A beach line tree itself is defined by its root node. Here we’ll be using a self-balancing red-black binary tree which uses the coloring of the nodes to limit the height of any given tree. Red-black binary trees requires a dedicated null, or nil, node.

beachline <- R6Class("beachline",
  public = list(
   nil = NULL,
   root = NULL,
   last_node_id = NULL,
   initialize = function() {
     self$nil <- node$new(as.integer(0))
     self$root <- self$nil
     self$last_node_id <- as.integer(1)
   }
  ))

The beachline class also gives us a place to keep track of the node indices.

5.1.1 Black-Red Binary Tree Operations

The insert_fixup function balances a binary tree after we add the node z.

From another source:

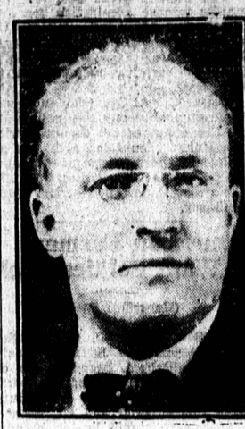
Hugh Walpole, English novelist, now in New York, who declares that Rev. Dean Inge "makes a specialty of attracting attention by constant hysterical pessimism," and that little attention is paid by the old land to his "gloomy forebodings."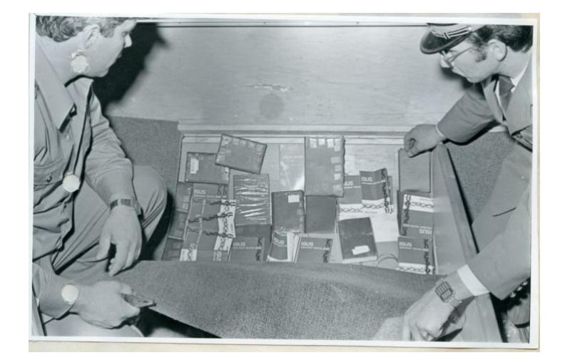
Figure 5. Romanian border guards uncover bibles and religious materials hidden under the floor of a camper van in 1985 (ACNSAS D000003, vol. 1) See Iuliana Cindrea-Nagy, 'Photographs of confiscated religious materials smuggled into Romania', <u>http://hiddengalleries.eu/digitalarchive/s/en/item/215</u>

http://hiddengalleries.eu/digitalarchive/s/en/item/4

beachline$set("private", "left_rotate",
function(x) {
  if (x$right == self$nil)
    return()

  y <- x$right
  x$right <- y$left

  if (y$left != self$nil)
    y$left$parent <- x

  y$parent <- x$parent

  if (x$parent == self$nil) {
    self$root <- y
  } else {
    if (x$parent$left == x)
      x$parent$left <- y
    else
      x$parent$right <- y
  }

  y$left <- x
  x$parent <- y
})

beachline$set("private", "right_rotate",
function(x) {
  if (x$left == self$nil)
    return()

  y <- x$left
  x$left <- y$right

  if (y$right != self$nil)
    y$right$parent <- x

  y$parent <- x$parent

  if (x$parent == self$nil) {
    self$root <- y
  } else {
    if (x$parent$right == x)
      x$parent$right <- y
    else
      x$parent$left <- y
  }

  y$right <- x
  x$parent <- y
})

beachline$set("private", "insert_fixup",
function(z) {
  while (z$parent$red) {
    if (z$parent == z$parent$parent$left) {
      y <- z$parent$parent$right
      if (y$red) {
        z$parent$red <- FALSE
        y$red <- FALSE
        z$parent$parent$red <- TRUE
        z <- z$parent$parent
      } else {
        if (z == z$parent$right) {
          z <- z$parent
          private$left_rotate(z)
        }
        z$parent$red <- FALSE
        z$parent$parent$red <- TRUE
        private$right_rotate(z$parent$parent)
      }
    } else {
      y <- z$parent$parent$left

      if (y$red) {
        z$parent$red <- FALSE
        y$red <- FALSE
        z$parent$parent$red <- TRUE
        z <- z$parent$parent
      } else {
        if (z == z$parent$left) {
          z <- z$parent
          private$right_rotate(z)
        }
        z$parent$red <- FALSE
        z$parent$parent$red <- TRUE
        private$left_rotate(z$parent$parent)
      }
    }
  }
  self$root$red <- FALSE
})

The insert_fixup function then allows us to implement balanced insert-before and insert-after operations.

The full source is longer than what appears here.